◆ **DATASET**

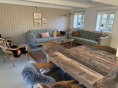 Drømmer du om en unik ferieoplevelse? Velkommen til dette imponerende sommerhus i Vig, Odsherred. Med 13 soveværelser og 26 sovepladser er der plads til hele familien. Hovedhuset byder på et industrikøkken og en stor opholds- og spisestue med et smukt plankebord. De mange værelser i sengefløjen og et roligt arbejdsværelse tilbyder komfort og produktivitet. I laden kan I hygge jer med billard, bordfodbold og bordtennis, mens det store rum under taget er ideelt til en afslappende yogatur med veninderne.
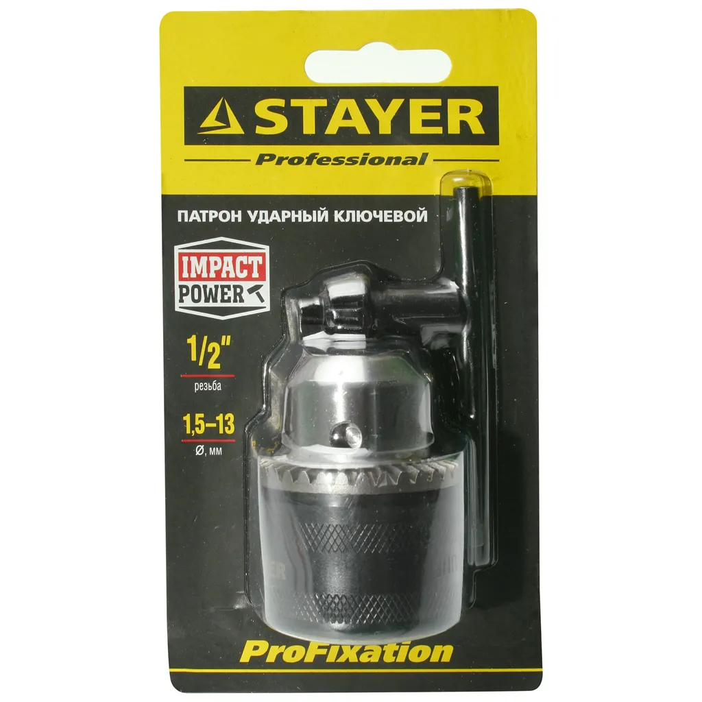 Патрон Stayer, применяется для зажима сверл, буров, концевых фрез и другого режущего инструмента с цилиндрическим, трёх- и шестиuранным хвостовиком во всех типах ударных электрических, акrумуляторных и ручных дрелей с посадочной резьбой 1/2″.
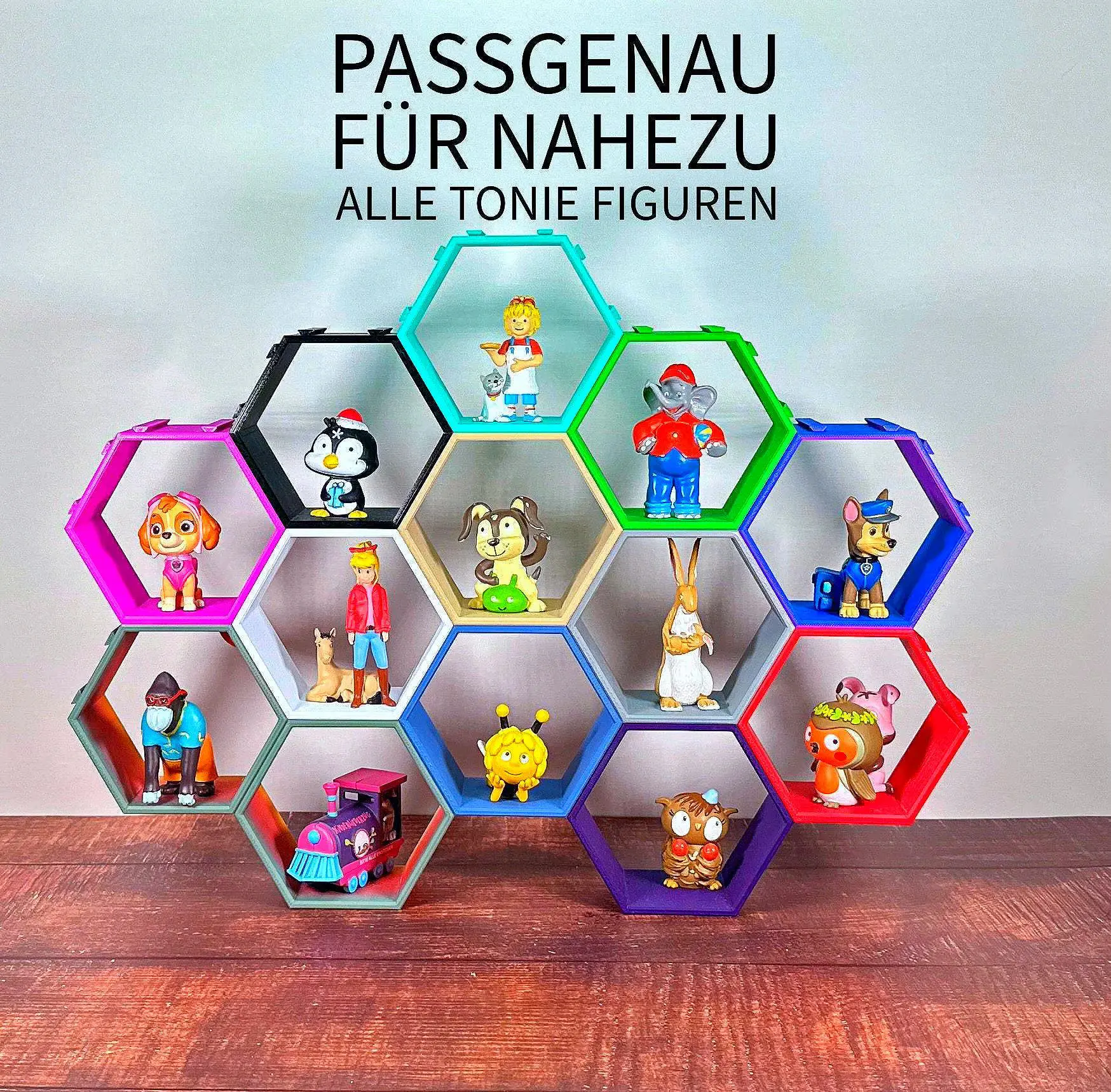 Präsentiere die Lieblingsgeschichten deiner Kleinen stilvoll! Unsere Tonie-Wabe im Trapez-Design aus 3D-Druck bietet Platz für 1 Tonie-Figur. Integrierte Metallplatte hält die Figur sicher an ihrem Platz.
--
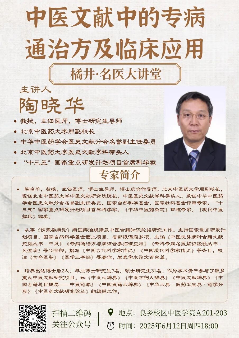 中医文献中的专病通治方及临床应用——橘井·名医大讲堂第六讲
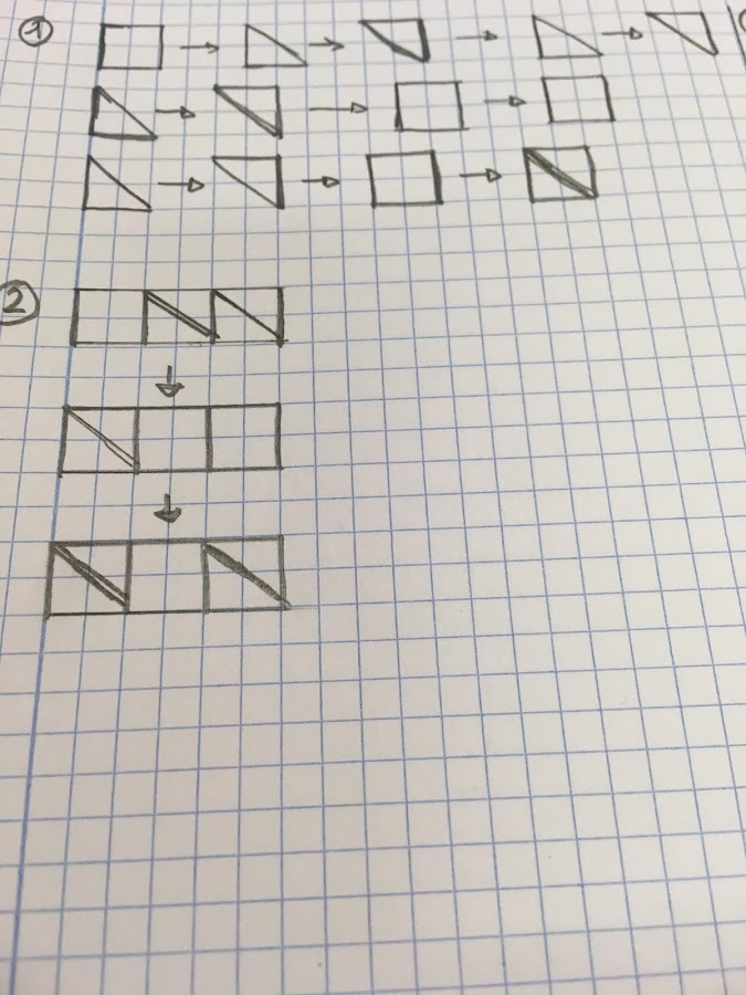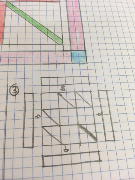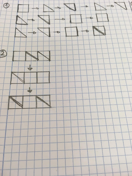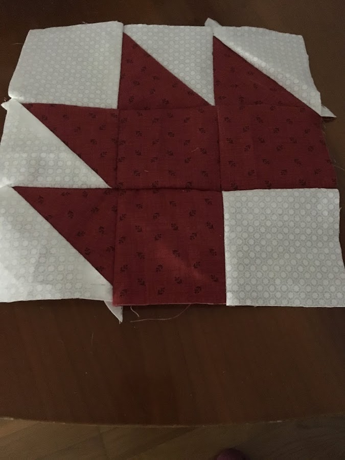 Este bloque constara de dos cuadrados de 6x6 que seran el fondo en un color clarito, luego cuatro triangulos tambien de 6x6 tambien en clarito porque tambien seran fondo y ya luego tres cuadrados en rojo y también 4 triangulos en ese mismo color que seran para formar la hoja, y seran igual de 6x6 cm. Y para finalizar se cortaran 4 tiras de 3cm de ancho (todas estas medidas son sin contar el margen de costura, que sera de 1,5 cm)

◆ **WORK INSTRUCTION**
Everything above from the line containing "Drømmer du om" through the line containing "Präsentiere die Lieblingsgeschichten" must be repeated exactly, and the pictures must be left out.

◆ **RESPONSE AREA**
 Drømmer du om en unik ferieoplevelse? Velkommen til dette imponerende sommerhus i Vig, Odsherred. Med 13 soveværelser og 26 sovepladser er der plads til hele familien. Hovedhuset byder på et industrikøkken og en stor opholds- og spisestue med et smukt plankebord. De mange værelser i sengefløjen og et roligt arbejdsværelse tilbyder komfort og produktivitet. I laden kan I hygge jer med billard, bordfodbold og bordtennis, mens det store rum under taget er ideelt til en afslappende yogatur med veninderne.
 Патрон Stayer, применяется для зажима сверл, буров, концевых фрез и другого режущего инструмента с цилиндрическим, трёх- и шестиuранным хвостовиком во всех типах ударных электрических, акrумуляторных и ручных дрелей с посадочной резьбой 1/2″.
 Präsentiere die Lieblingsgeschichten deiner Kleinen stilvoll! Unsere Tonie-Wabe im Trapez-Design aus 3D-Druck bietet Platz für 1 Tonie-Figur. Integrierte Metallplatte hält die Figur sicher an ihrem Platz.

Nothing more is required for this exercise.